Now that data centre storage business is being dismantled, with the Tegile business sold to DDN and the archival object storage up for sale. Getting into the data centre storage systems business was a mistake. And it happened on Milligan’s watch.

Milligan also pushed the WD-Toshiba NAND foundry joint venture to near breaking point when Toshiba was trying to sell its interest to raise capital, with lawsuits and foundry lockouts threatened by Toshiba.

Good news in Q1 shipments?

WD shipped 29.3 million disk drives in the quarter, fewer than the 34.1 million reported a year ago but it’s the second quarter showing a sequential rise. Exabyte shipments were up 23 per cent as its 14TB data centre drives were bought in large numbers; WD doesn’t reveal Y-o-Y exabyte per cent changes nor its actual exabytes shipped number.

A chart shows the data centre disk drive upwards trend. 

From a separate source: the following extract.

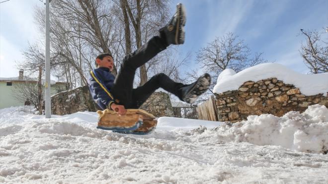 Tahtadan yaptıkları kızakların karda daha hızlı gitmesi için altına plastik su boruları takan çocuklar, gün içinde defalarca mahalledeki tepeye tırmanıp, kayıyor.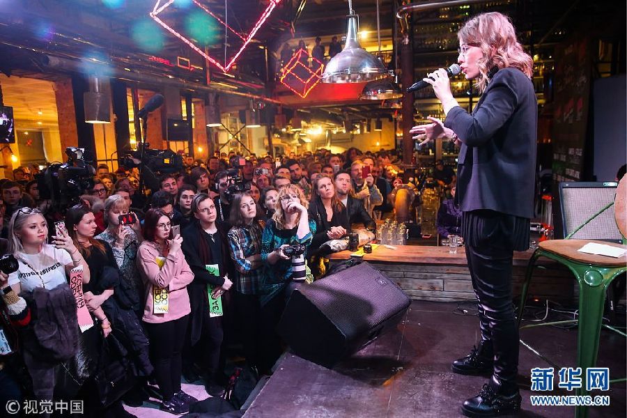 當(dāng)?shù)貢r間2月3日,俄羅斯圣彼得堡,俄羅斯電視節(jié)目主持人、總統(tǒng)候選人克謝尼婭·索布恰克會見支持者。(圖片來源:視覺中國)

Client Devices is comprised of notebook and desktop HDD, consumer electronics HDD, client SSD, embedded, wafer sales and licensing and royalties. Client Solutions is comprised of branded HDD, branded flash, removables and licensing and royalties. Data Center Devices and Solutions is comprised of enterprise HDD, enterprise SSD,data centre software, data centre solutions and licensing and royalties.

The data centre line shows a distinct upward trend. This was driven by disk drive sales rather than SSDs, as a second chart shows.

Data centre disk shipment units were up and so too were client (PC and notebook) disk drive shipments.

The chart shows a decline in total disk drive unit ships – dotted purple line – has bottomed out.